**EXERCISE:** Transcribe the entries below word for word, beginning at the line with "2017级的四位学长姐分别进" and stopping after the line with "上午10时,随着一声清脆的裁"; drop all pictures.

**EXTRACTED RECORDS:**
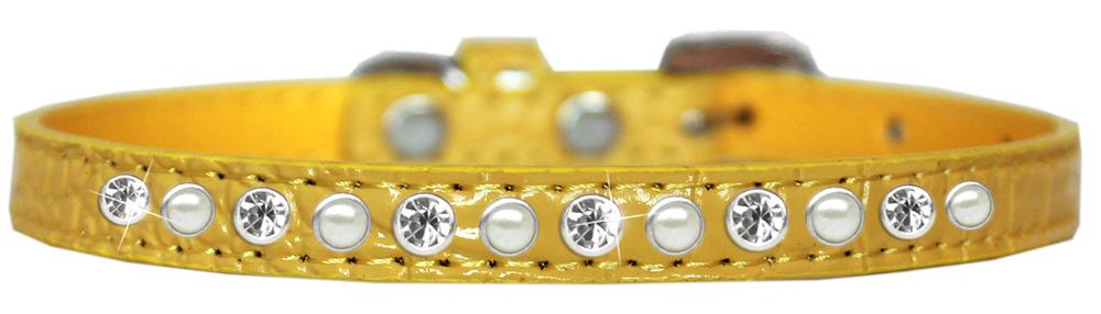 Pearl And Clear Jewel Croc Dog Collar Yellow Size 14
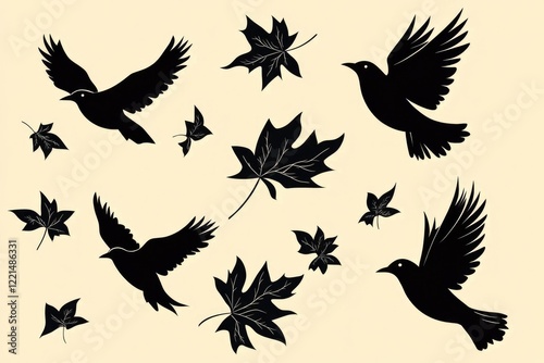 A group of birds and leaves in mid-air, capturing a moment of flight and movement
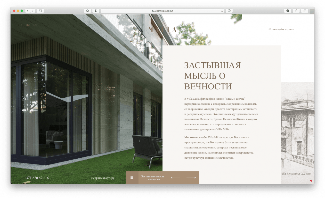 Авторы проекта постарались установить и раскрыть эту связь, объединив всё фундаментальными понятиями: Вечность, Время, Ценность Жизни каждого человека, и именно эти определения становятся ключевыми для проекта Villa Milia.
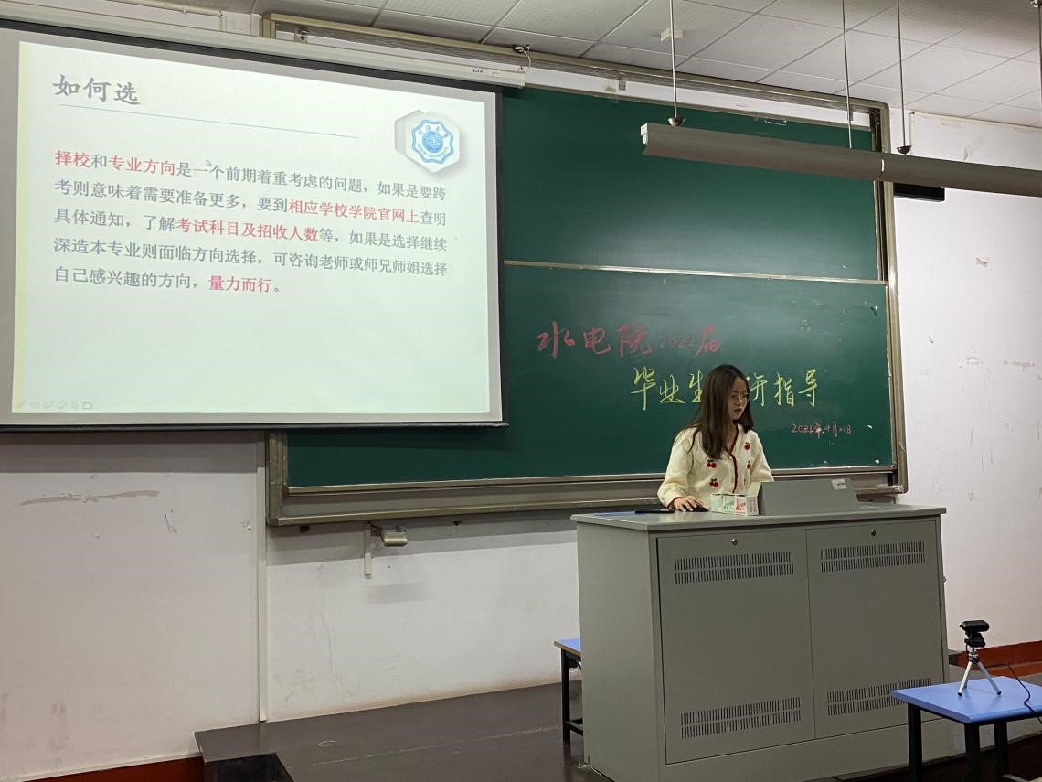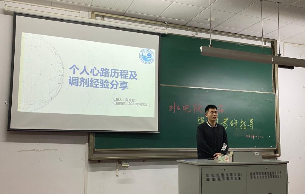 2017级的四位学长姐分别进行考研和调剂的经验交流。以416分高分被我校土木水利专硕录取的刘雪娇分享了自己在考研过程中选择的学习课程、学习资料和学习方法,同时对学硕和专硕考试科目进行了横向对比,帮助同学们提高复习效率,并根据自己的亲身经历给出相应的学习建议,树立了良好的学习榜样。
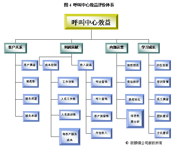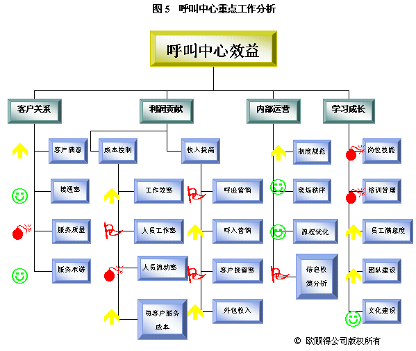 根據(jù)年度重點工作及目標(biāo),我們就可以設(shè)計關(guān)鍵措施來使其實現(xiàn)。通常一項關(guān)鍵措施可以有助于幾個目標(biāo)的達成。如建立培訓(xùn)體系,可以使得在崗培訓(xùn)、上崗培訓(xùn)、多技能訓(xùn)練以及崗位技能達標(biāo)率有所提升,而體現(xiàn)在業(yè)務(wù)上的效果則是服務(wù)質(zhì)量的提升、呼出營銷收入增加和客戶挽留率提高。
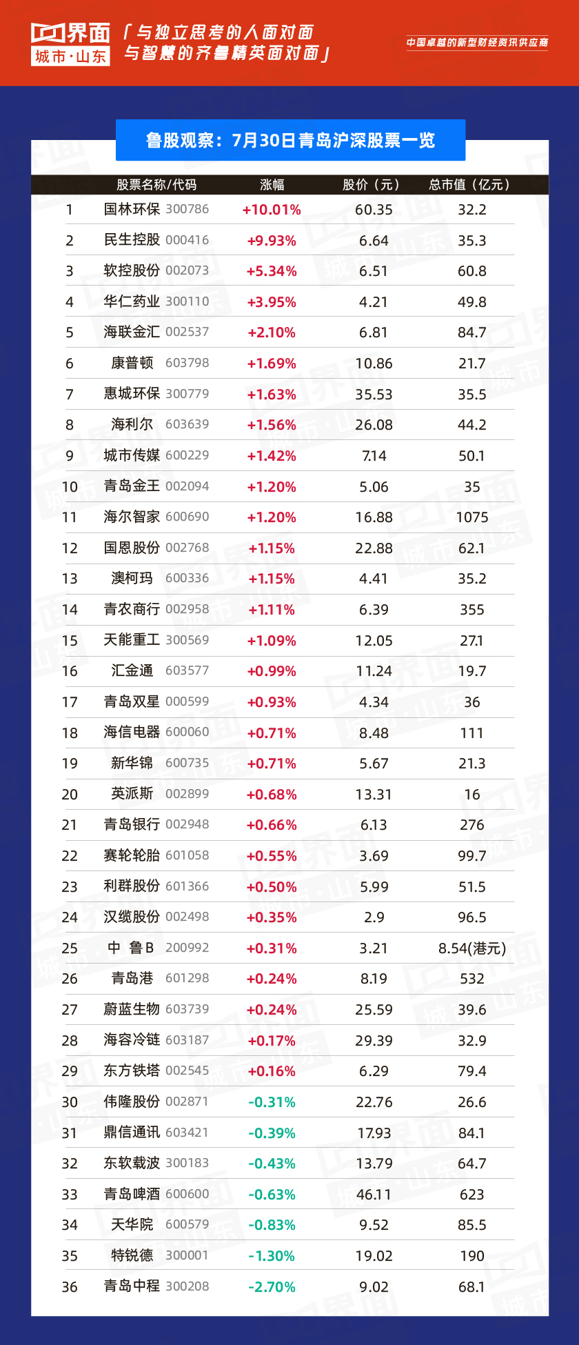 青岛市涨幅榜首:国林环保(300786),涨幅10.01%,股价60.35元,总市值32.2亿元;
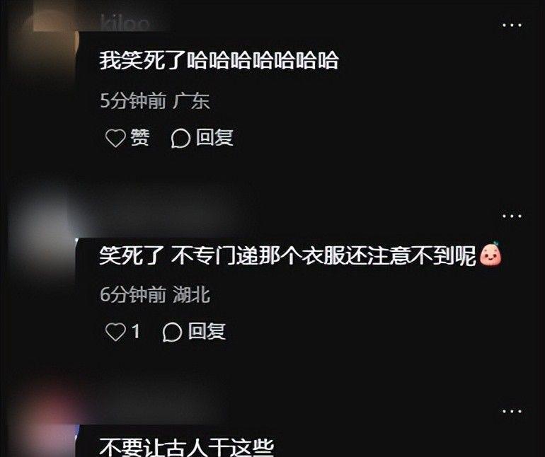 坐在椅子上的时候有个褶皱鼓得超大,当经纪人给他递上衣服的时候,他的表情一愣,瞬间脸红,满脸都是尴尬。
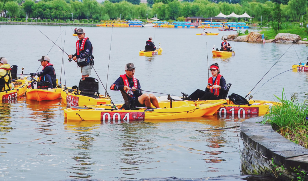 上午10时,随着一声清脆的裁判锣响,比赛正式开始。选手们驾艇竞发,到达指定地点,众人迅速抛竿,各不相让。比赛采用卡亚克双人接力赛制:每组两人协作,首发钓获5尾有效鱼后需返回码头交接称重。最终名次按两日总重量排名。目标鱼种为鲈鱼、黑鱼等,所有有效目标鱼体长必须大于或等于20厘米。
...
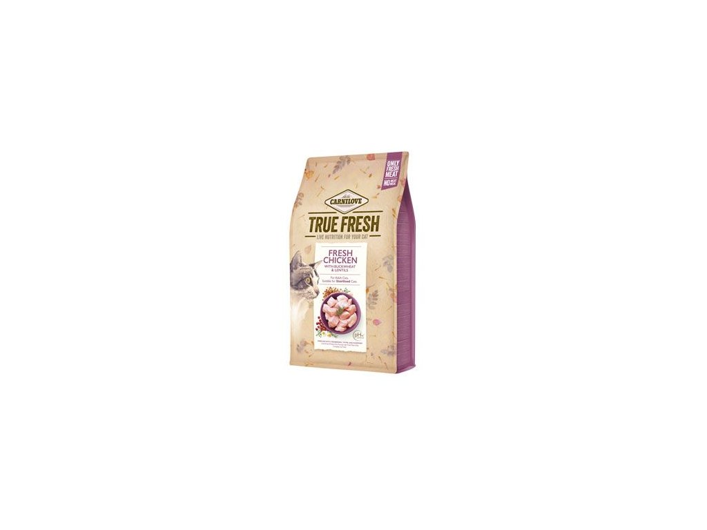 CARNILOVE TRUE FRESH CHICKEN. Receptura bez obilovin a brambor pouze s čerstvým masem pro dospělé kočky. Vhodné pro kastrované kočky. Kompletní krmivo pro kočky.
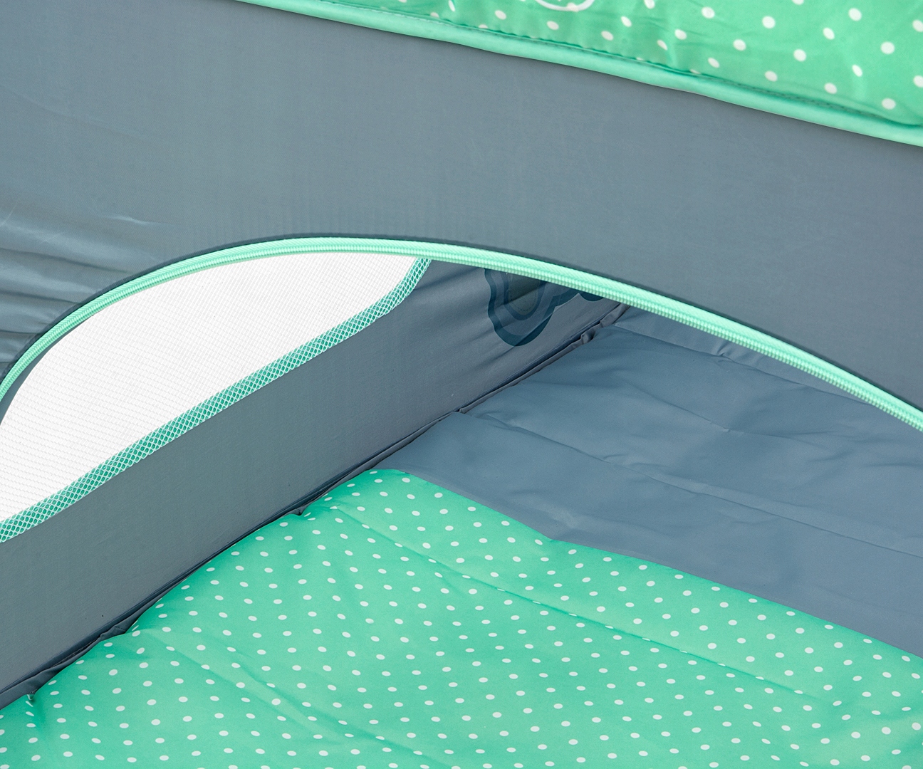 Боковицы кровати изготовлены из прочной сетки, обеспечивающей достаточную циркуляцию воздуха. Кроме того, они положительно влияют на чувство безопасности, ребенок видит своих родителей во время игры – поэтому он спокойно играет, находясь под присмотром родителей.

**WRITTEN REPLY:**
 2017级的四位学长姐分别进行考研和调剂的经验交流。以416分高分被我校土木水利专硕录取的刘雪娇分享了自己在考研过程中选择的学习课程、学习资料和学习方法,同时对学硕和专硕考试科目进行了横向对比,帮助同学们提高复习效率,并根据自己的亲身经历给出相应的学习建议,树立了良好的学习榜样。
 根據(jù)年度重點工作及目標(biāo),我們就可以設(shè)計關(guān)鍵措施來使其實現(xiàn)。通常一項關(guān)鍵措施可以有助于幾個目標(biāo)的達成。如建立培訓(xùn)體系,可以使得在崗培訓(xùn)、上崗培訓(xùn)、多技能訓(xùn)練以及崗位技能達標(biāo)率有所提升,而體現(xiàn)在業(yè)務(wù)上的效果則是服務(wù)質(zhì)量的提升、呼出營銷收入增加和客戶挽留率提高。
 青岛市涨幅榜首:国林环保(300786),涨幅10.01%,股价60.35元,总市值32.2亿元;
 坐在椅子上的时候有个褶皱鼓得超大,当经纪人给他递上衣服的时候,他的表情一愣,瞬间脸红,满脸都是尴尬。
 上午10时,随着一声清脆的裁判锣响,比赛正式开始。选手们驾艇竞发,到达指定地点,众人迅速抛竿,各不相让。比赛采用卡亚克双人接力赛制:每组两人协作,首发钓获5尾有效鱼后需返回码头交接称重。最终名次按两日总重量排名。目标鱼种为鲈鱼、黑鱼等,所有有效目标鱼体长必须大于或等于20厘米。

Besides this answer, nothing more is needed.